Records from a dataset
**********
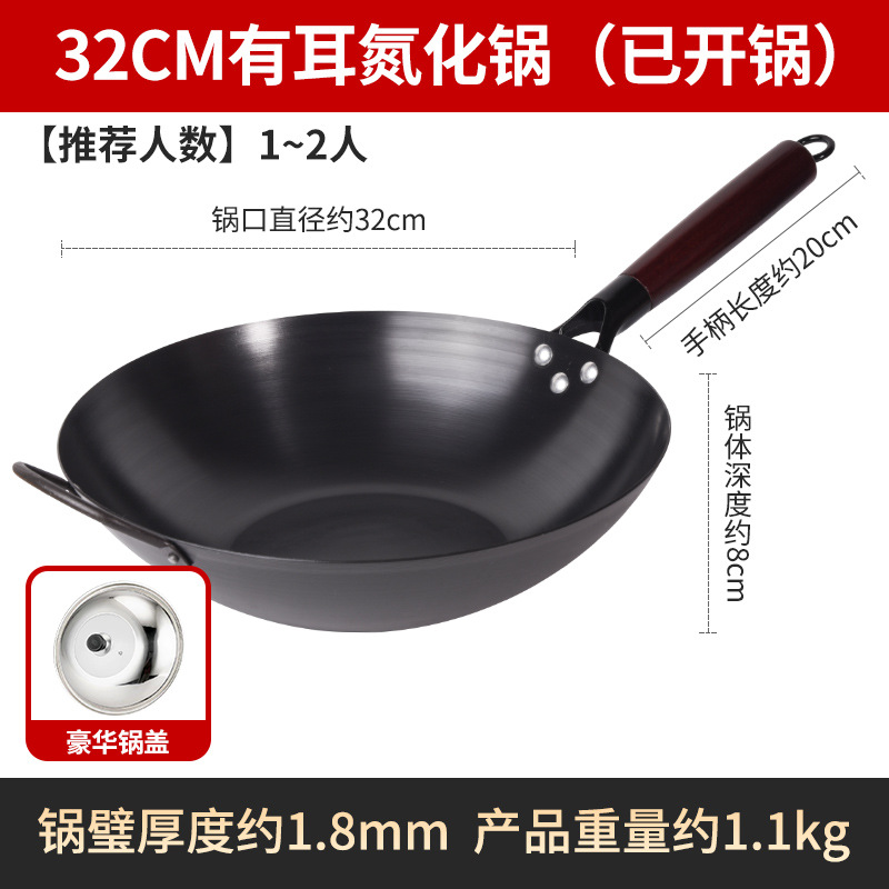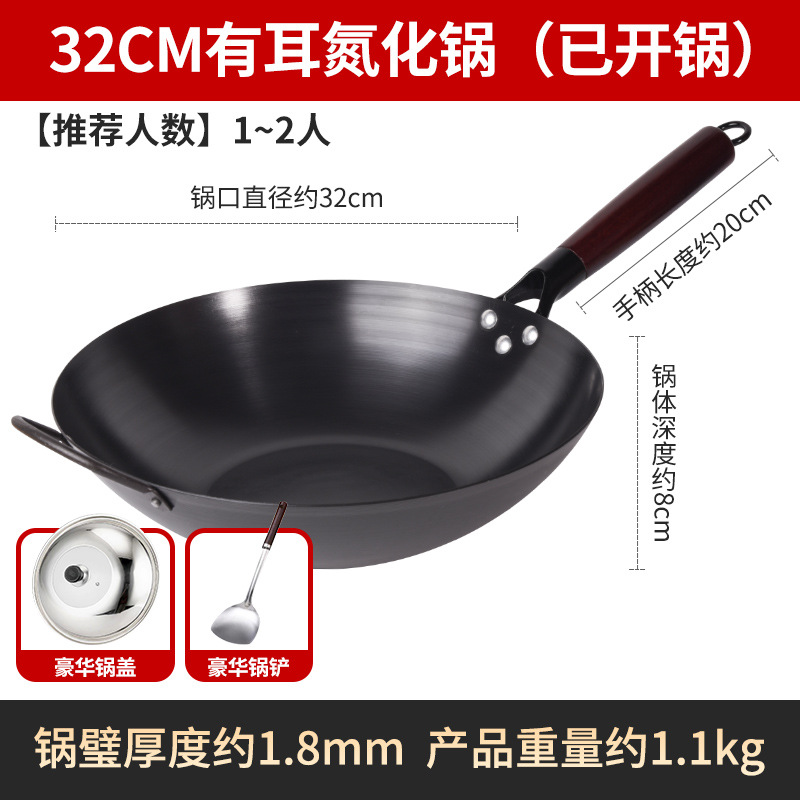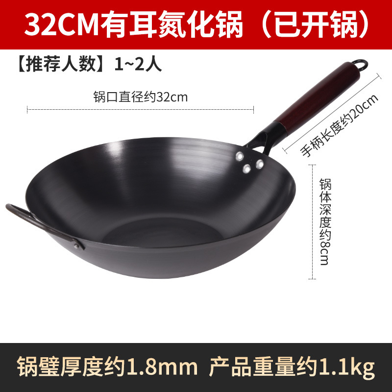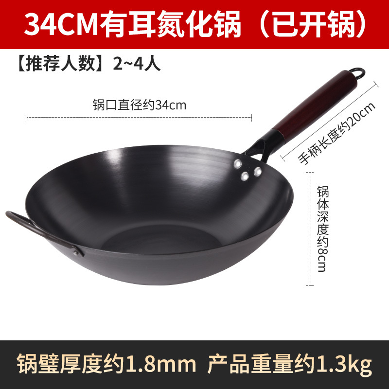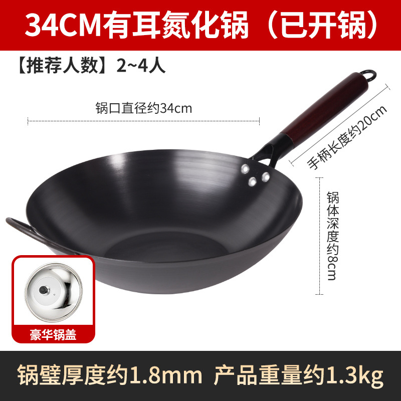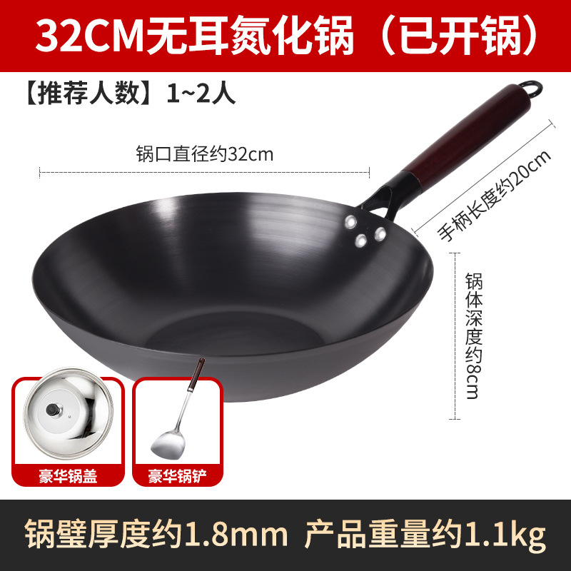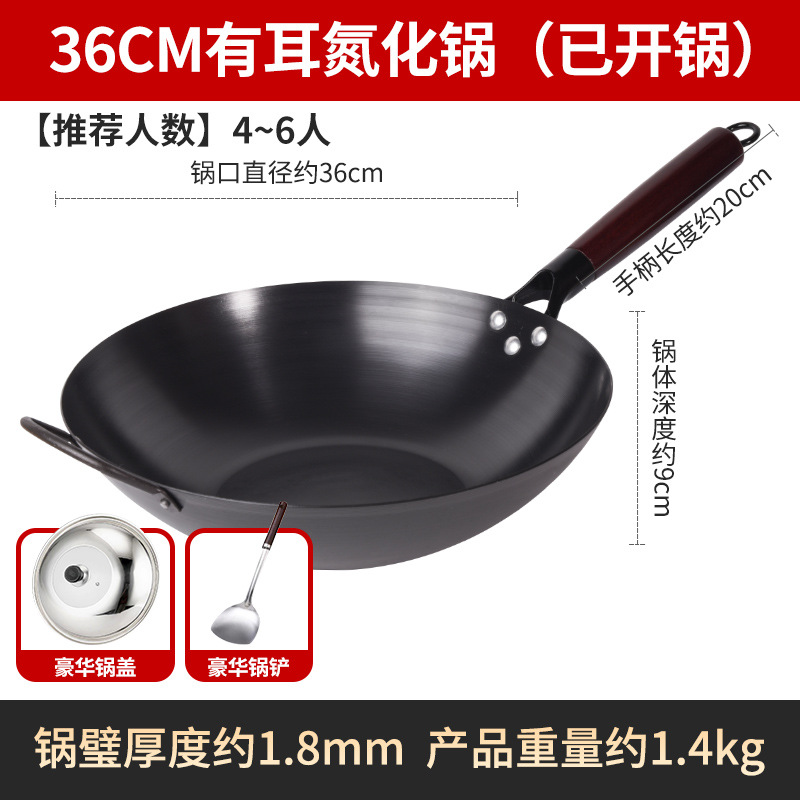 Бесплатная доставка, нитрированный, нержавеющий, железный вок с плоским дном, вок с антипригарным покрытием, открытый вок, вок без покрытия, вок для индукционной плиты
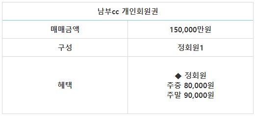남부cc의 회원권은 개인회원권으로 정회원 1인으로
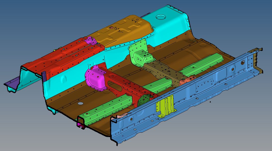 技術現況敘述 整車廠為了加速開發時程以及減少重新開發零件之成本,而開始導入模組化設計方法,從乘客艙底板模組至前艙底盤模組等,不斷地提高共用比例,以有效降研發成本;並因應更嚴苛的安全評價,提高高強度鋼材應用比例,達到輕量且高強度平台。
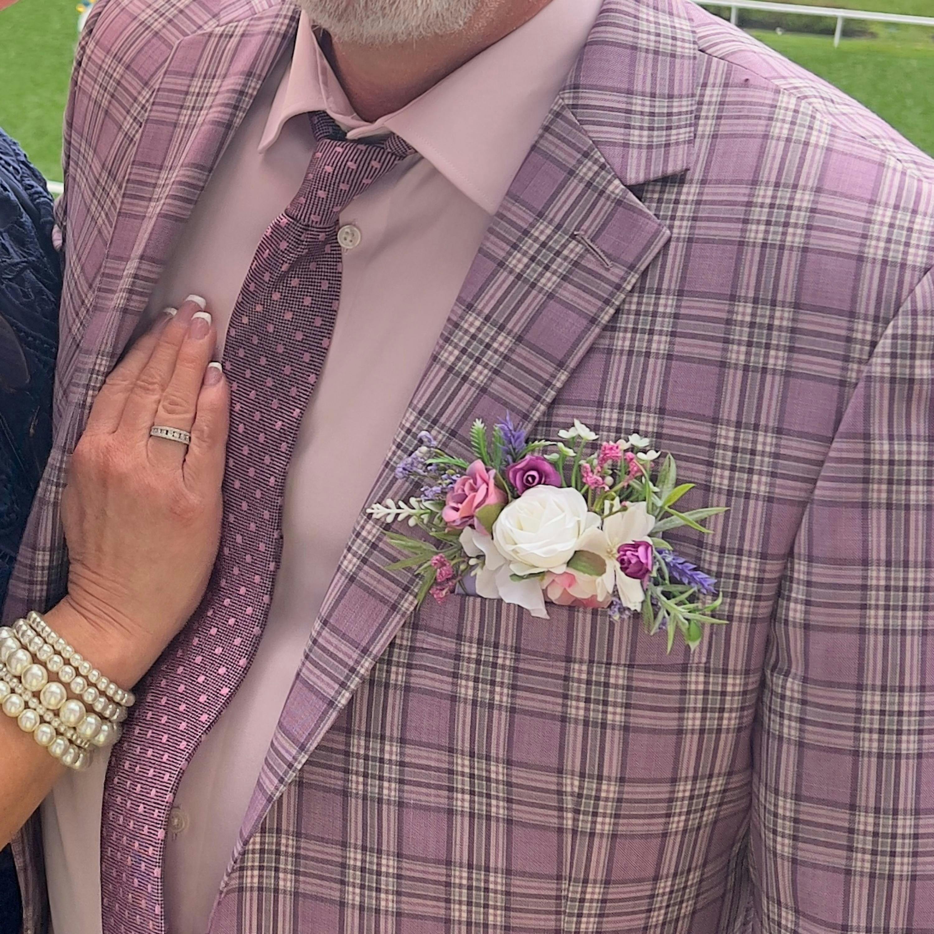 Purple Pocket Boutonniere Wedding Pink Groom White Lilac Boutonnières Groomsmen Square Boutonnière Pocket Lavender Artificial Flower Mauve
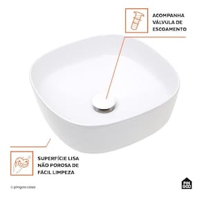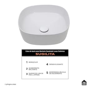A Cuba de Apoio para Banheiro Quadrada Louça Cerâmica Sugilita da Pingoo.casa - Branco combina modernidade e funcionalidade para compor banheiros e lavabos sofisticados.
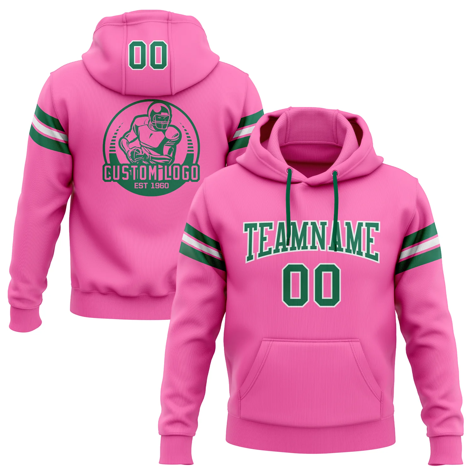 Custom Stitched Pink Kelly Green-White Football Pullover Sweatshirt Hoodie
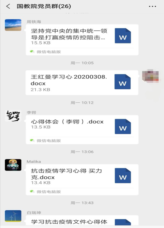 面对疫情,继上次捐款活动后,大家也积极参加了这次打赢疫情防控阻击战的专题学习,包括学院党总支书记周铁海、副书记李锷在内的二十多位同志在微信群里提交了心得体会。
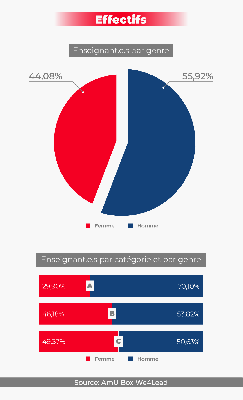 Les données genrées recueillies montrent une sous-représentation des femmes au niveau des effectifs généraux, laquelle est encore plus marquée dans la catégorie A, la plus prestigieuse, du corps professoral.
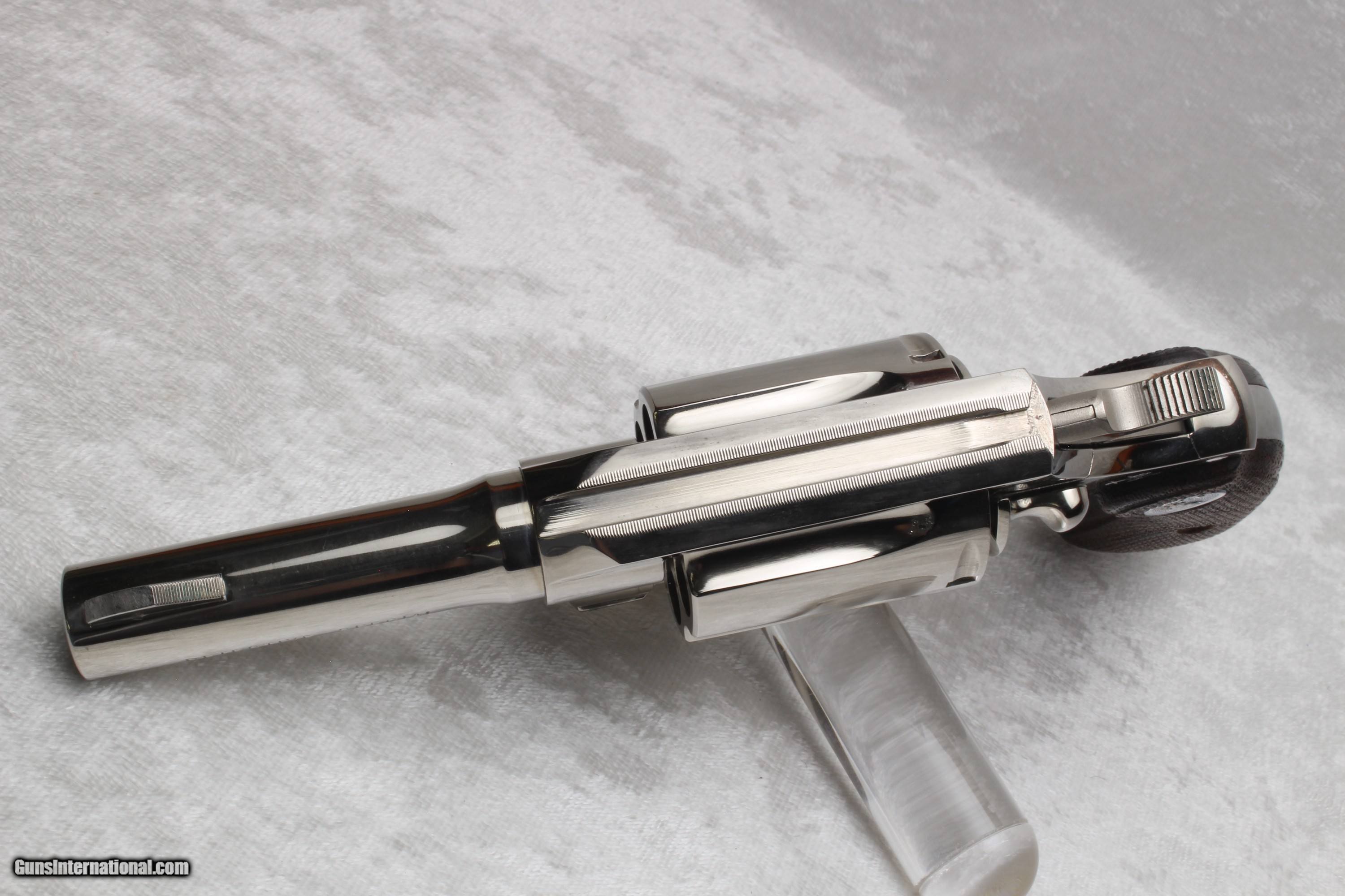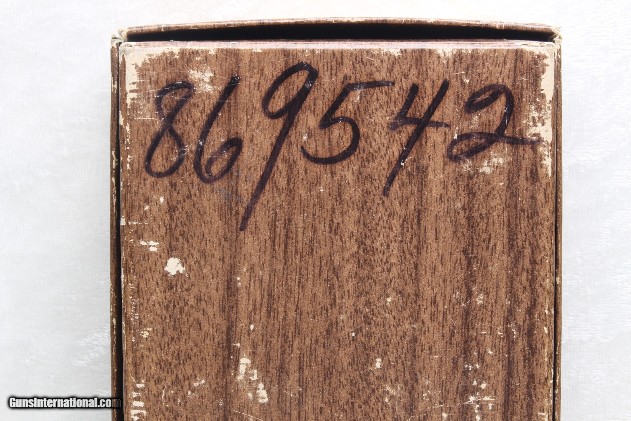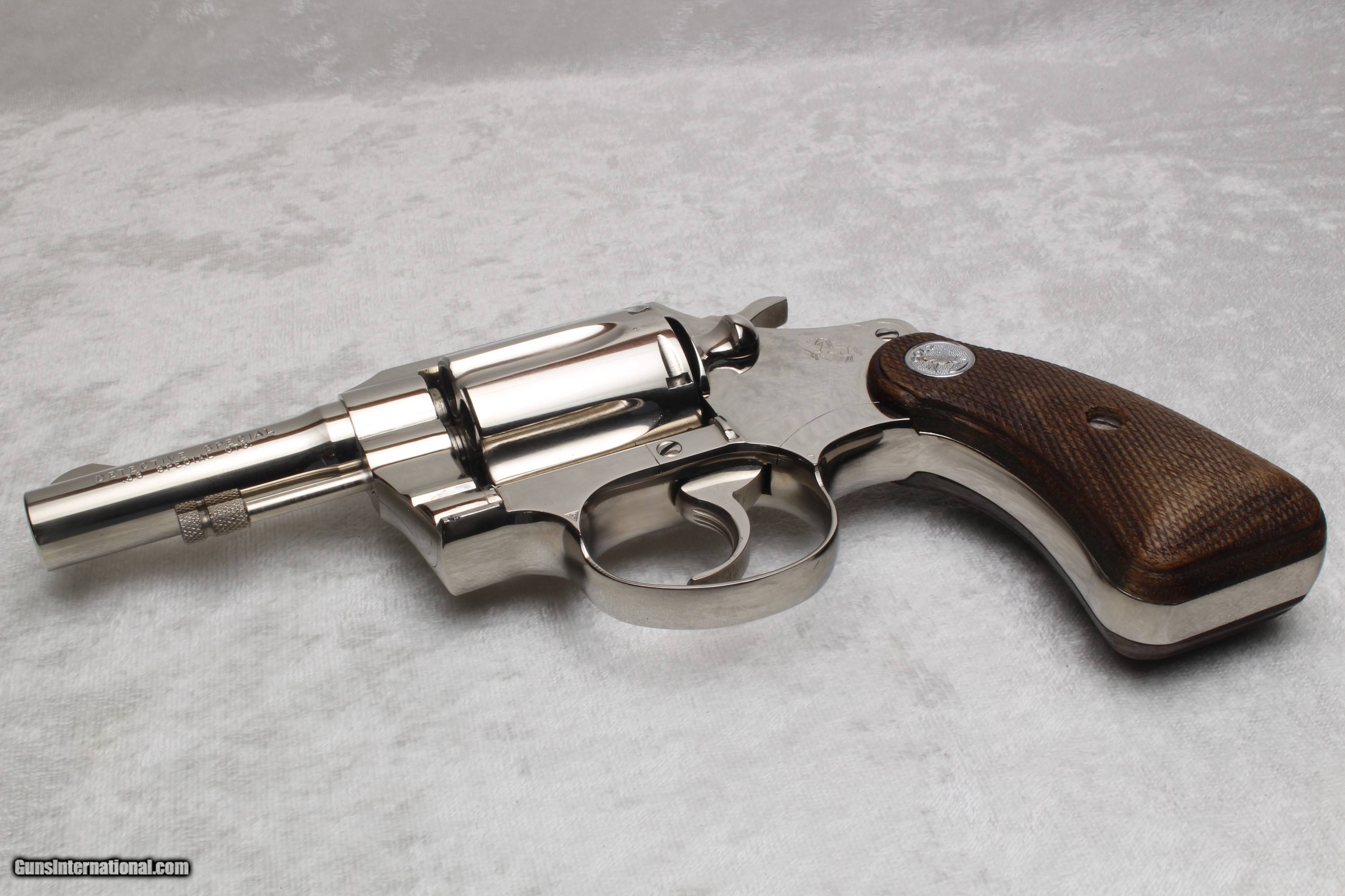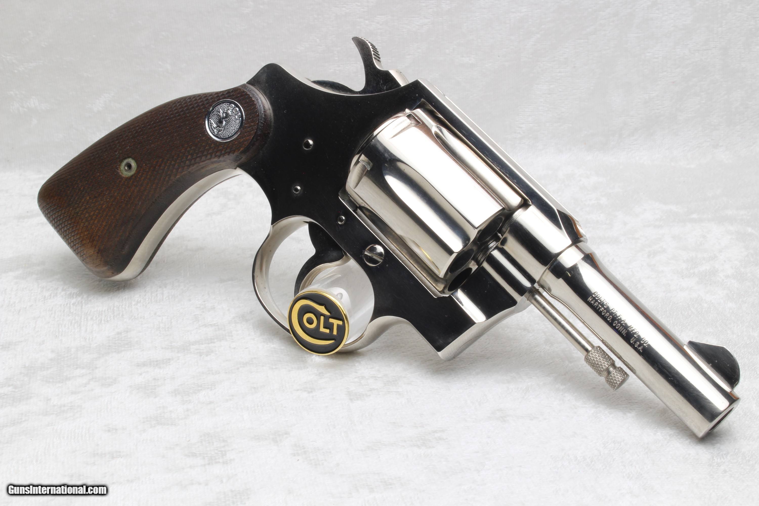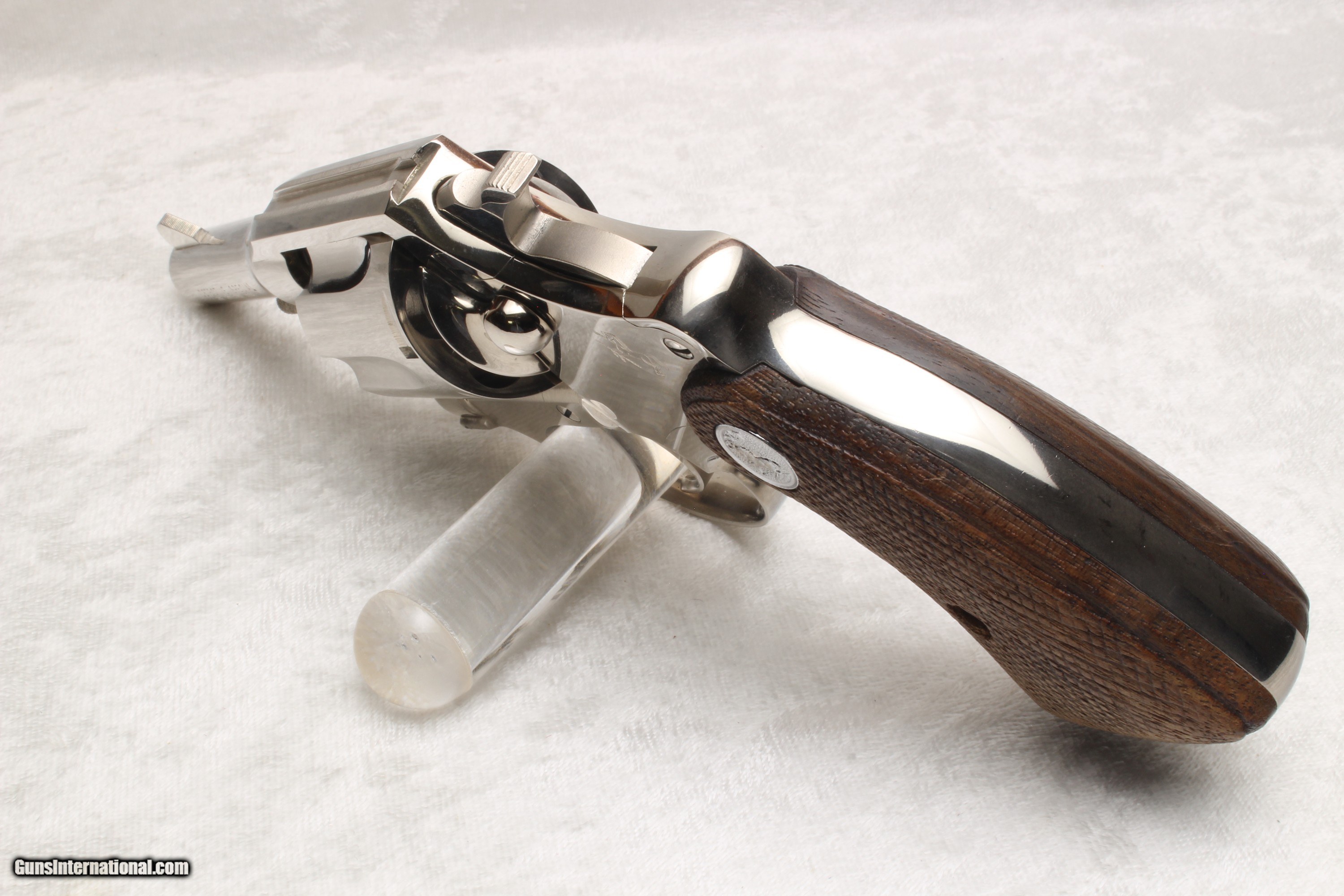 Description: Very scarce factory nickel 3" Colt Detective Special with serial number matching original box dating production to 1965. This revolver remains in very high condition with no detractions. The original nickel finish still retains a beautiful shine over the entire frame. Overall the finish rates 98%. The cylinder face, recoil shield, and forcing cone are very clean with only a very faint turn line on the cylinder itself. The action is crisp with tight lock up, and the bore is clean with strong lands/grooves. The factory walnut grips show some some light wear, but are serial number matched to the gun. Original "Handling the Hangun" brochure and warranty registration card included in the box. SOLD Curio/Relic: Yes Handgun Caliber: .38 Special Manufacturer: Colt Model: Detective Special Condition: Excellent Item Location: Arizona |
**********
- _Work to be completed_: Please copy the lines above exactly, starting at the line that holds "Custom Stitched Pink" and ending at the line that holds "Les données genrées"; include both, but no pictures.

- _Reply_:
 Custom Stitched Pink Kelly Green-White Football Pullover Sweatshirt Hoodie
 面对疫情,继上次捐款活动后,大家也积极参加了这次打赢疫情防控阻击战的专题学习,包括学院党总支书记周铁海、副书记李锷在内的二十多位同志在微信群里提交了心得体会。
 Les données genrées recueillies montrent une sous-représentation des femmes au niveau des effectifs généraux, laquelle est encore plus marquée dans la catégorie A, la plus prestigieuse, du corps professoral.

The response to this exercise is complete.